Friday, January 24, 2014

22, 23 - January

22, Wednesday.  As I type the word 'Wednesday' I shudder.  It started out good and ended with a visit to the toilet saint and offering up everything I had for a late lunch right before mutual.  It hadn't even bothered to digest itself!  I didn't go to mutual.  My count-down for not throwing up as back at 2 days.  And I was doing so good!  I had made the 17 day mark!

My body disgusts me sometimes.  I know what it is about pregnancy that bothers me.  It's like I don't even know myself anymore.  My body turns into the havoking, puking mess and I don't want to be around people because that takes too much effort and I don't want to do much of anything because I have a constant turmoil going on in my intestines and apparently this week was the week for headaches because today is the first day all week I don't have one.  And by goodness I have been sure to drink my water and all that to rule out the headaches but those things are persistent.  And, of course, my body is healthy and 'normal' and the doctor never says anything is going wrong with any pee test or blood test that I take.  Everything is just peachy.  But I don't feel peachy.  I feel quite asparagusy.  Disgusting.  It's a nice thing to think about, that my body is just fine and growing babies is what it can do without totally medically freaking out.  I don't have to be on bed rest or eating certain foods to deal with gestational diabetes or anything.  Count your dang blessings!  But oh my goodness.

I feel like I go from one emotional roller coaster to the other.  The counselor revised my 'diagnosis' after meeting with me a few times.  First, I went to counseling because I was feeling depressed and all my signs were pointing toward that but I didn't want to do medication.  I knew something 'less deep' was wrong and just needed someone to help me figure things out.  So I get to the counselor and they label it as anxiety and then after a few  sessions it gets labeled as an adjustment disorder.  But the word disorder isn't used... I forget.  Anyways.  What started out as HUGE has been re-directed to something not so huge and I feel better and more like myself than I have in a long time, but at the same time, I don't.  Because I am pregnant and feeling cruddy messes with more than just my physical well-being.  It makes me anti-social and harder to relate to people because I really just don't care.  I don't care.  Everything that used to matter doesn't anymore and while it's nice to be so relaxed it's kind of annoying when paired with the fact that I don't want to be around people because I don't care enough to carry through with a conversation.

The almost worst part is that I had gotten ready for the day.  Actually put on a bra and jeans and makeup.  Did my hair and went out to visit one of the girls who is having as hard of time as I am with her puking and feeling cruddy.  I just want to take her and wrap her in a hug.  When I got there with Shirley, we were also doubling in a calendar meeting, Jaimie's best friend was there, spending the day with her.  I was so glad to see her I gave them both hugs.  That is something rare.  To have a friend who is just fine with sitting with you when you are so sick and no fun to be around.  And I just loved that they had each other.

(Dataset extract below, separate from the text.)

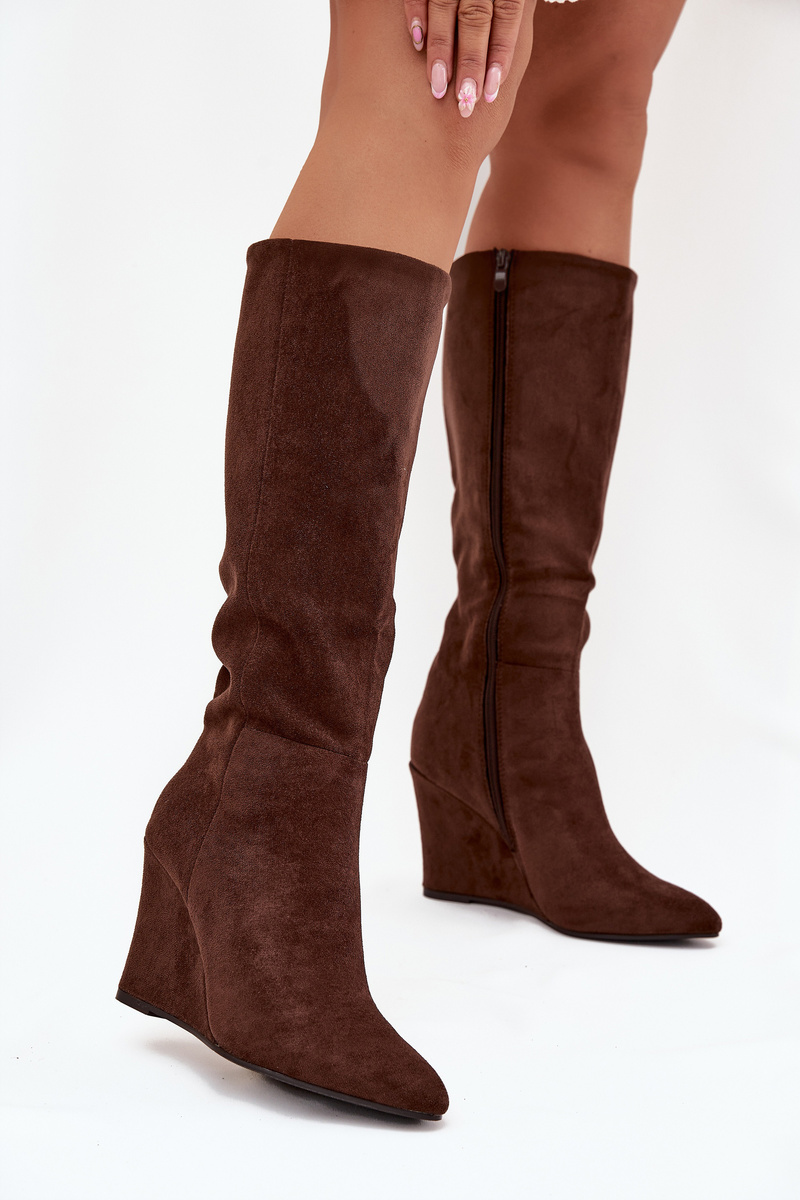 Zateplené dámské kozačky na klínu čokoládové Rosina

So here I was, all ready for going to mutual and I vomit just as I should be walking out the door.  Steven had to go to mutual to announce a few things for the scouts and because he thinks he will be 'more in the know' if he goes on Wednesdays to talk with the leaders and all that.  I sent him with a couple of supplies for that night's craft project and Alaska and went to bed.

23.  Brittany came over to give me a baby shower invitation.  I was thrilled to have her and we talked and talked and talked.  It was so good to have an old friend my age to be with.  We decided to carpool together after she offered and then quickly followed up with, "I mean, if you want to.  If you wouldn't rather drive in by yourself."  Because that's how well she knows me and she knows that yes, I may just prefer to drive myself and would say yes to carpool to be nice.  But I really did and do want to carpool with her.  I just love being with her.  And I especially love that she gets it.

Alaska took a three and  half hour nap and I was able to get a nap in, as well.  The evening still drug on and Steven was at work until 9 pm.  I put her to bed at 7:30, complete with cleaning up toys and brushing teeth and stories.  And crawled into bed to wait.  I had a couple of requests for snacks and had to be awake to get them.  Something I have learned.  If your body wants something, you aren't going to sleep until you get it.  Especially if you know you can get it and it's on its way.  Even if it doesn't come through the door until 10:20.